New publication! Adjusting to Rain Before It Falls shows that factor adjustment costs combined with projected increases in rainfall volatility will routinely lead to climate change damage. This effect is missing from all prior equilibrium-based analyses of climate impacts. Lots more in the paper: construction sector is especially vulnerable to these effects, current seasonal rainfall forecasts help construction firms but at the expense of workers, construction firms lose 10% of profit from unanticipatable rainfall shocks.

New policy forum paper published in Science. We discuss the research implications of the SEC’s proposed climate risk disclosure rule, which will hopefully be finalized any day now.

I will be presenting new work on the value of weather forecast improvements at the NBER on March 24th. The talk will be streamed on Youtube here.

Two of my graduate students, Anna Papp and Vincent Bagilet, have put together a great set of simulations, example datasets, and code to work through many of the new two-way fixed effects/dynamic diff-in-diff methods. The code and data can be found on Anna’s Github page here. This could be a really helpful resource for students and researchers learning about these methods, so let me know if you find it helpful.

I will be presenting new work on the value of weather forecasts, joint with Derek Lemoine and Laura Bakkensen, at University of Arizona on December 14th.

The recording of the presentations from UCLA’s Climate Adaptation Symposium are available here. A great event as always!

The second UCLA Climate Adaptation Research Symposium will take place on September 8th. You can see my new work on the value of routine weather forecasts during the 10:45-12:15 PT session.

A new version of my paper on estimating damages from weather while accounting for adaptation is available here. Weather forecasts are really cool and they can help us improve our inference about climate damages.

A new paper evaluating policies to integrate storage into the electricity grid while reducing emissions is now published here. Good policy design really matters here—a popular policy we analyze can actually increase emissions relative to taking no policy action!

Lots of upcoming presentations this spring, starting with a double header at the AERE sessions at the Eastern Economics Association meeting. You can see my dynamic permits paper on Friday the 26th and a paper on labor adjustment costs and climate damage on the 27th.

On the 15th, I will be presenting on the economic damage from climate change to a new group of interdisciplinary climate change researchers at the CIRC Workshop (including my own) are now available online. Check out the website if you are interested in learning more about the group.

Ankit Bhutani has created new Python code to estimate two-sample two-stage least squares (TS2SLS). The code also works in R! Find it on Ankit’s github page. The new code provides more accurate standard error calculations than my Stata code.

My new paper with Madison Condon and Michael Livermore asks whether there is a rational justification for the EPA’s new rule limiting what research can be used in cost-benefit analyses. To read more about why this is an important issue, see this recent NY Times article.

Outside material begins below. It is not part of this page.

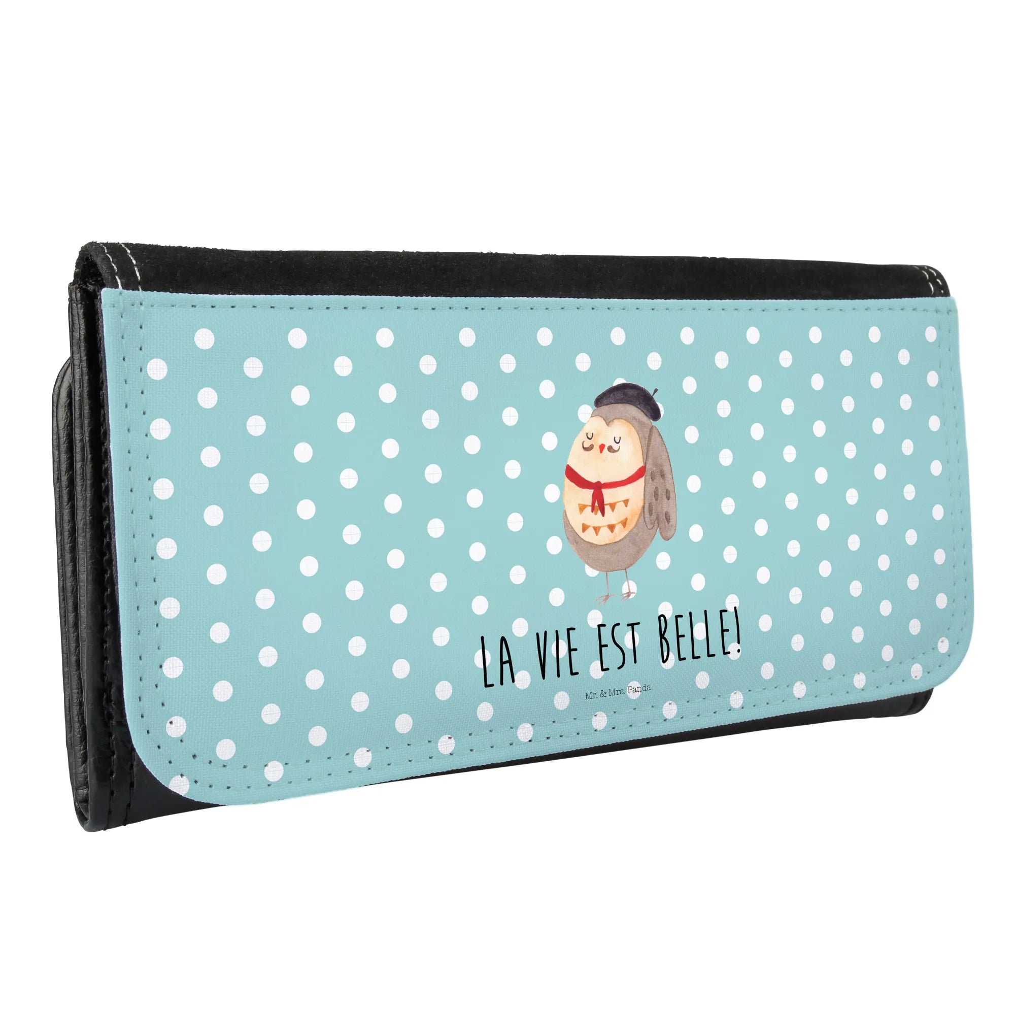 Entdecke das bezaubernde Damen Portemonnaie von Mr. & Mrs. Panda mit dem liebevollen Eulen-Motiv im französischen Stil! Dieses Portemonnaie ist nicht nur ein praktisches Accessoire, sondern auch ein echter Hingucker! Mit dem charmanten Slogan "La vie est belle!" wird es dich jeden Tag daran erinnern, das Leben in vollen Zügen zu genießen. Die süße Eule mit ihrem Hut, Fliege und Schnurrbart bringt einen Hauch von Frankreich in dein Leben und zaubert dir und anderen ein Lächeln ins Gesicht.

New paper: Policymakers have started to respond to the emissions consequences of increased electricity storage. Unfortunately, their proposed policies are likely to be ineffective. What works better? A carbon tax! Find the working paper on my research page.

The UCSD Economics Department’s first Applied Economics Alumni Workshop will be Saturday October 19th. I will be presenting Labor Market Adjustment to News.

The inaugural conference for the new Center for Environmental Economics and Policy (CEEP) is on Friday October 18th. Details here.

Come see two new papers presented this fall. Labor Market Adjustment to News will be presented at USC on September 12th and UVA on September 26th. Revealing Abatement Costs from Permit Banking Behavior will be presented at RFF on September 16th.